Obamas Doppelstrategie in Sachen Afghanistan
Der Präsident will erst mehr Soldaten in den Krieg schicken und dann den Rückzug vorbereiten.
Washington. Angetreten war er als Friedenspräsident. Nun aber wird Barack Obama mehr Soldaten nach Afghanistan schicken als zu jedem Zeitpunkt seit Beginn des acht Jahre alten Militäreinsatzes. Gleichzeitig will er den Rückzug vorbereiten. Das wurde bei seiner Rede gestern an die Nation deutlich.
Seinerzeit von Republikanern als Pazifist beschimpft, muss Obama nun mit noch größerer Kritik in der eigenen Partei fertig werden und auch jene Allierten überzeugen, die das Weiße Haus verstärkt in die Pflicht nehmen will. Mit seiner Doppelstrategie muss Obama eine schwierige Gratwanderung meistern.
Nach monatelangem Tauziehen zwischen gemäßigten sowie linksgerichteten Demokraten, die ein rasches Kriegsende fordern, und führenden Generälen, die nur mit einer stärkeren Militärpräsenz glauben, die Taliban in Schach halten zu können, gab der Präsident schließlich dem Druck der militärischen Befehlshaber nach.
Bereits im Sommer hatte der zuständige Oberbefehlshaber General Stanley McChrystal 40.000 zusätzliche Soldaten gefordert. Zwar wird er von amerikanischer Seite nur 34.000 bekommen, die ab Januar kommenden Jahres in mehreren Phasen entsandt werden. Den Unterschied sollen dann Verbündete wie Großbritannien und Deutschland ausgleichen, die Obama während der kommenden Wochen mit großem Engagement umwerben will.
Probleme könnte Obama aber nicht nur im Ausland haben. In den USA nämlich hagelt es Kritik von allen Seiten. Mit jeder weiteren Meldung über einen gefallenen Soldaten wächst in der breiten Öffentlichkeit die Unzufriedenheit mit dem Kriegsverlauf.
Während die Opposition ihm Heuchelei und Inkonsequenz vorwirft, haben demokratische Parteifreunde nicht nur ideologische Einwände. Sie bangen vor allem um die eigene politische Zukunft. Schließlich erlitten die Demokraten bei den Gouverneurswahlen Anfang November eine peinliche Schlappe, größtenteils wegen des wachsenden Unmuts über die Lage in Afghanistan.
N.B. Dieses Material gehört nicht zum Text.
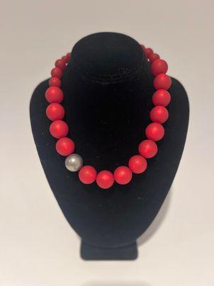 Lekkert smykke fra danske MARIE. Smykkene er håndlaget av fargede kuler i harpiks. Smykkene kommer i et hav av farger og spriter opp et hvert antrekk. Smykket er 43 cm (minste ring) og har en justerbar lås m/lenke på 6 cm. Nikkelfri

Der Präsident aber lässt sich nicht aus der Ruhe bringen. Er betrachtet die Truppenaufstockung vielmehr als ersten Teil eines schrittweisen Rückzugsplans. Ziel ist es demnach, die Regierung in Kabul politisch zu stärken. Unter anderem soll die Zahl der aktiven Soldaten im afghanischen Militär von 90.000 auf 134.000 erhöht werden.
Auc³h soll Präsident Hamid Karsai animiert werden, im Kampf gegen El Kaida enger mit Pakistan zusammenzuarbeiten. Ob allerdings ein konkreter Zeitplan für den Abzug des letzten US-Soldaten eingehalten werden kann, ist unsicherer denn je.